CARE Ratings has cut its FY2022 GDP forecast for the fourth time this fiscal, revising it from 9.2 per cent to 8.8-9.0 per cent as demand has been set back by both consumption and investment.

The main drivers of the economy would be agriculture and industry, according to the credit rating agency’s ‘Economic Outlook for 2021-22’.

The agency noted that business, as seen ex-post, has been better equipped to face the Covid-19 related lockdown and while activity did reduce across the country as well as sectors, the impact was less severe.

“The reverse migration which took place in large numbers last year was of a lower magnitude this time. SMEs were again under pressure in this phase, but as they were operating at less than normal potential, were not pushed back that severely.

“Therefore, while our projections on growth have come down significantly from March, the drop is less damaging this time,” said a team of economists led by Chief Economist Madan Sabnavis in the report.

Revised estimates

CARE Ratings’ initial estimate of FY22 was 11.2 per cent (in March 2021). In April, the agency revised its GDP projections downwards twice -- to 10.7 per cent on April 5 and to 10.2 per cent on April 21. On May 12, the GDP projection was cut to 9.2 per cent.
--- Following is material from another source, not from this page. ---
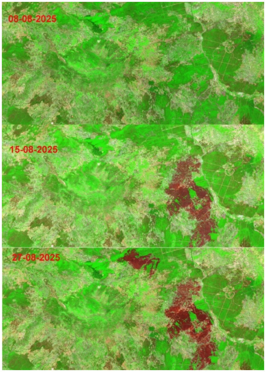 August 2025 Sentinel-2 Short-Wave Infrared (SWIR) Time-Series of Wildfires in Chefchaouen Province, Morocco. This figure shows false-color satellite imagery capturing two different wildfire events in August 2025. On 08 August 2025, the scene appears unaffected, with healthy vegetation highlighted in green. By 15 August 2025, the first fire is clearly visible as a large, burned scar in red tones on the eastern side of the image. A second fire event is detected by 27 August 2025, with new burned areas appearing in the northern part of the scene, while the earlier scar in the east remains evident. Together, these images illustrate the occurrence of two distinct wildfires within the same region over a short time span, emphasizing both the intensity and recurrence of fire activity.

The agency’s sectoral GDP projection for FY22 for agriculture is 3.4 per cent (3.6 per cent in FY21); industry (9.4 per cent in FY22 against -7 per cent in FY21); and services (8.2 per cent against -8.4 per cent).

CARE Ratings’ economists observed that services will not be able to reach its potential even at 8.2 per cent growth as the second lockdown has affected sectors like hotels and restaurants, tourism, retail malls and entertainment in particular.

Malaise on the demand side

The economists believe that while a lot has been done on the supply side by both the RBI and the government (the June 2021 relief cum stimulus programme), the malaise is on the demand side, which has been a problem even before the pandemic.

“Demand has been set back by both consumption and investment, which has to be reversed. Consumption will be driven by employment generation and here we have to see broad-based growth.

“The services sector has already witnessed loss of jobs last year which has not been restored in 2021 given the second lockdown,” the agency said.

Employment generation has been rapid in case of BFSI (Banking, Financial Services and Insurance) and IT (Information Technology) which is more at the upper income end, it added.

Rural areas

CARE Ratings emphasised that “a critical factor this time will be the spending pattern of the rural households. The monsoon forecast is good and ideally a stable kharif harvest should bode well for rural incomes”.

“It is still not certain as to what has been the impact of the pandemic on rural India this time. The emerging picture has been rather mixed.”

The agency said the ability and willingness to spend during the post-harvest festival season will depend on the disposable surplus income that is generated after adjusting for healthcare expenses in the last few months and this would be a differentiator for overall demand and consumption in the country.

There could be some-pent up demand which surfaces this time too from urban India, but it may just about maintain the level of last year and not really breakthrough, it added.

“It has been noticed that savings have been rising in these uncertain times and while the government has announced higher Dearness Allowance for its employees, it would need to be seen as to how much is spent on consumption this time over.

“Higher consumption should stimulate investments. The crux will be investment which has a multiplier effect on demand and investment,” the economists said.